PLEASE NOTE: This is an HTML preview only and some elements such as links or page numbers may be incorrect.
Download the book in PDF, ePub, Kindle for a complete version.

 

Chapter 25

 

Heather landed on the beach. Jon was standing on burnt soil and pockets of sand turned to glass. There was a ship, mostly intact, nearby. It was an odd, monstrosity of a thing. He was wearing a simple jumpsuit with a thick belt, clearly tech. He was also wearing a headband; it had an array of colored diodes flashing- which Heather immediately recognized as the simulated brain tech for someone without a brain. Heather tightened her grip on her Torch.

“Jon?” Heather asked.

He turned to face her.

“Run,” Jon said.

“Oh, don’t leave…”

Heather went to her knees. “Loxy?” Heather asked. In her mind she found the sudden absence of Leto frightening. There was a darkness about her, as if looking through a visor that had been partially spray painted.

“Not Loxy,” Jon said.

“Oh, Jonny Jon Jon,” Loxy said. “Let her see me as she wishes.”

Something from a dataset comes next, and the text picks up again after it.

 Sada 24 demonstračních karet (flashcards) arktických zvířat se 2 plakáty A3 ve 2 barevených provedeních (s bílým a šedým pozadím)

Orish came out of the ship, accompanied by creatures, some of them recognizable. One, a gray, carried a brain in a crystal ball.

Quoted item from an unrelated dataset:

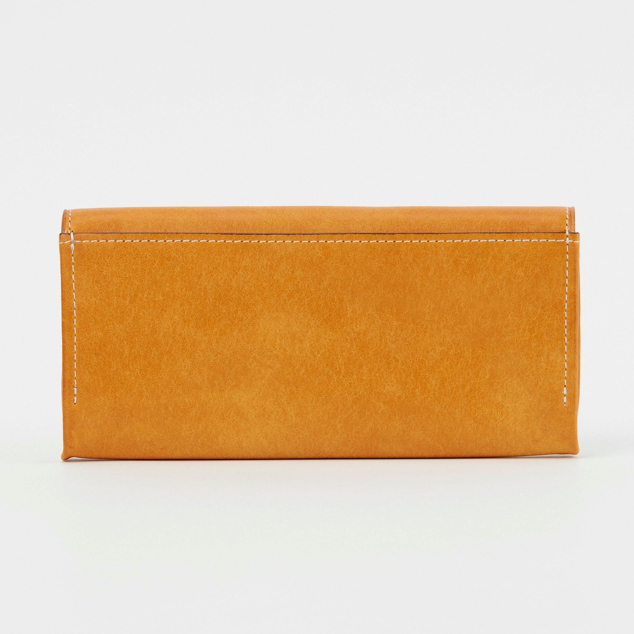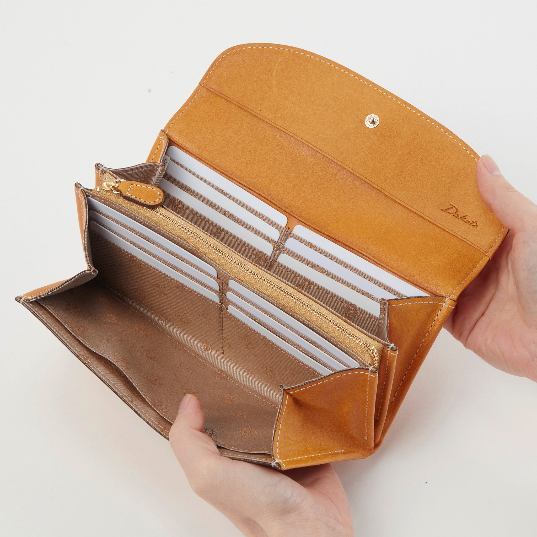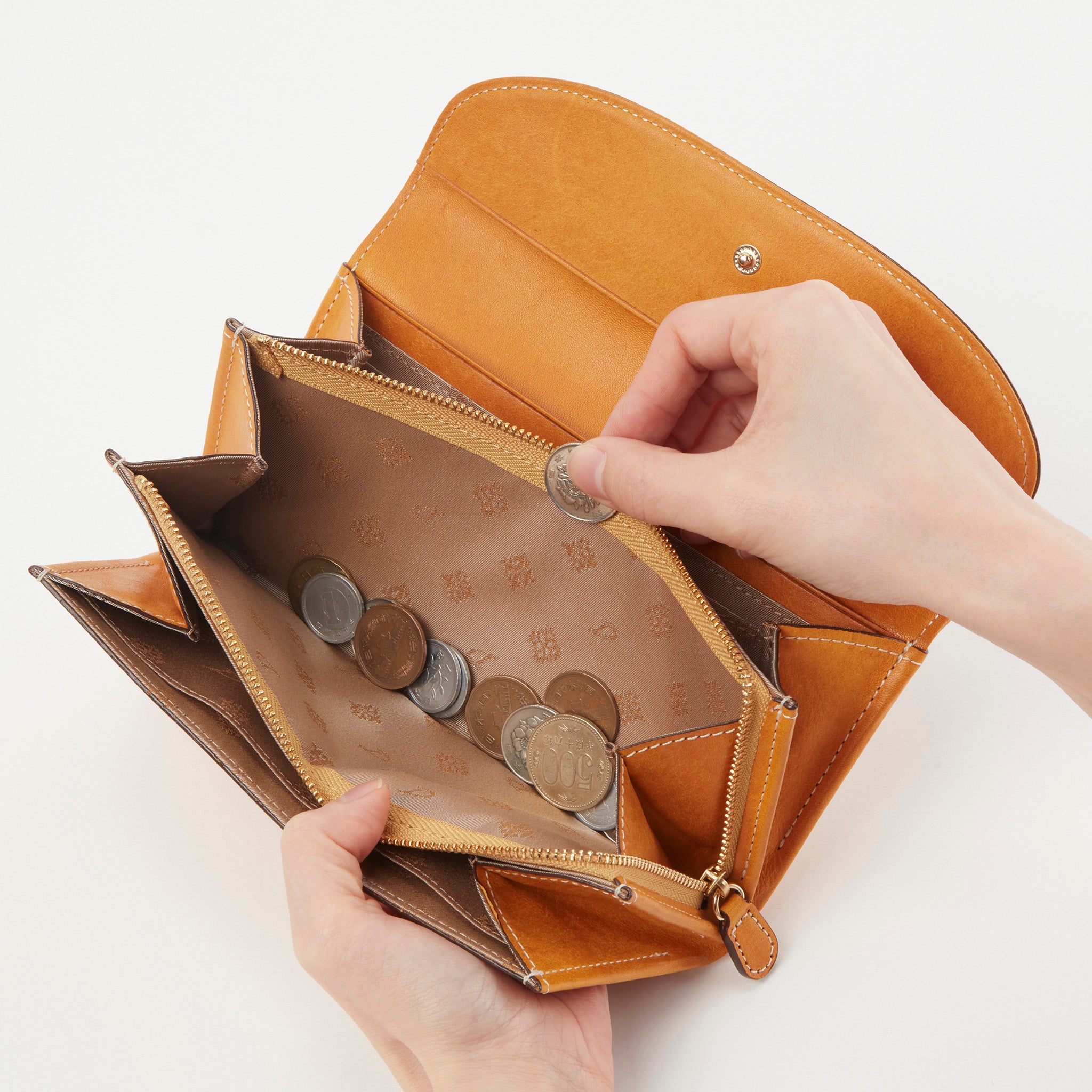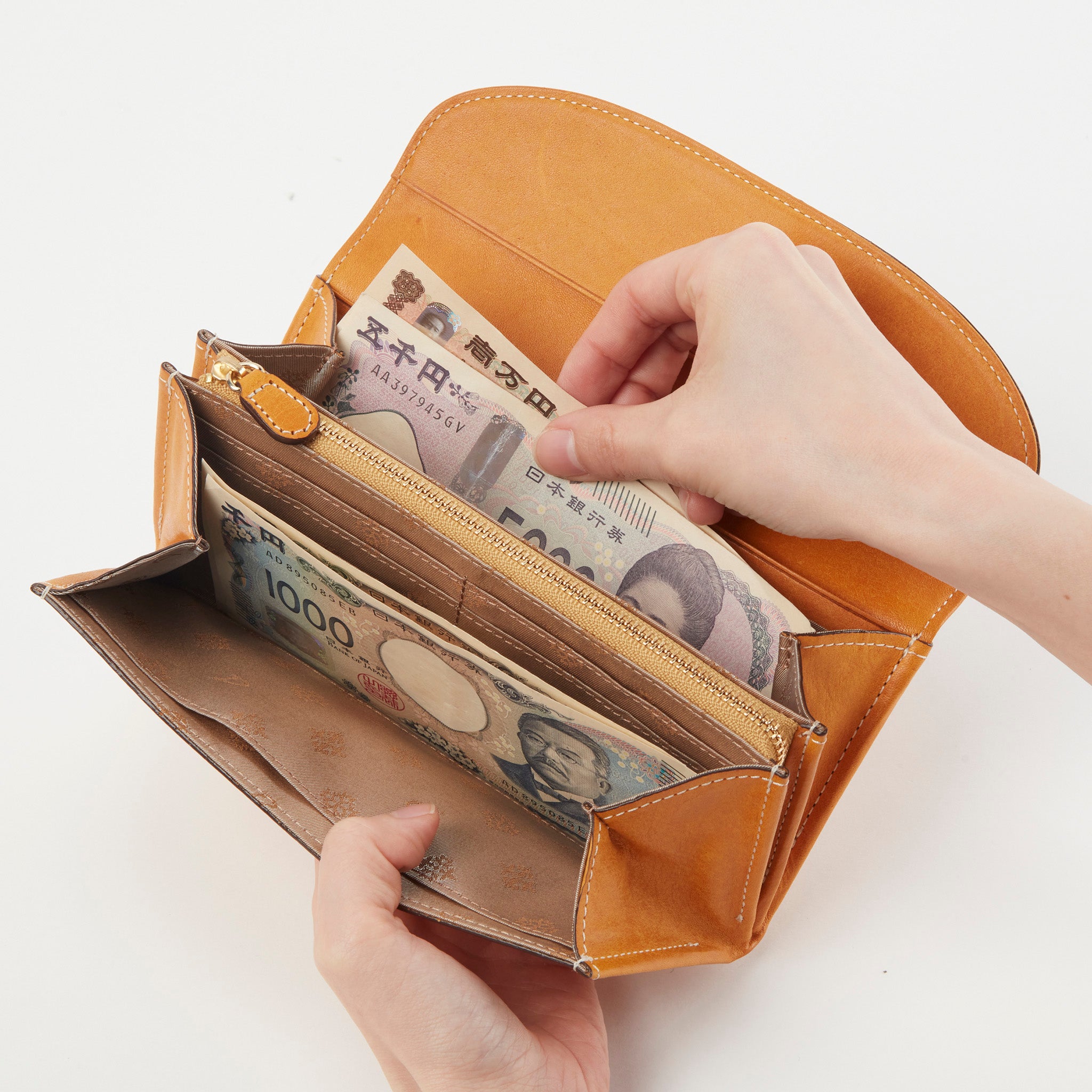 スリムな作りの、フラップ式長財布。大きく開くオープンスペースが特徴です。ファスナー収納はスリムながらもL字型になっているので開きやすく、小銭の出し入れがラクラクできます。

“I told you she would come,” Loxy told Orish. “I have contacted her ship. It will be here before the others.” There was a sound of thunder. “Ahh. I so love being right. Stop resisting, Heather. I got your suit. I got you.”

Orish came forwards, taking hold of her mind as easily as picking up her body. She gave him her sternest angry face. The world spun about and it was as if Orish and she were the only ones present. A wind storm stirred leaves over a barren landscape. Violent lightening broke a dark sky.

“Surrender.”

“No!” Heather said. “I know your type, and will not submit again!”

Orish probed her mind looking for barriers. There were cracks in her identity, place markers for perceived failures and not be adequate. Heather felt the probing, like tinfoil on a cavity. ‘Push love’ came a response. She was pretty sure it was the Loxy and the garden overlapping this space. “You hold experiences, not faults. It doesn’t define you. It guides you.”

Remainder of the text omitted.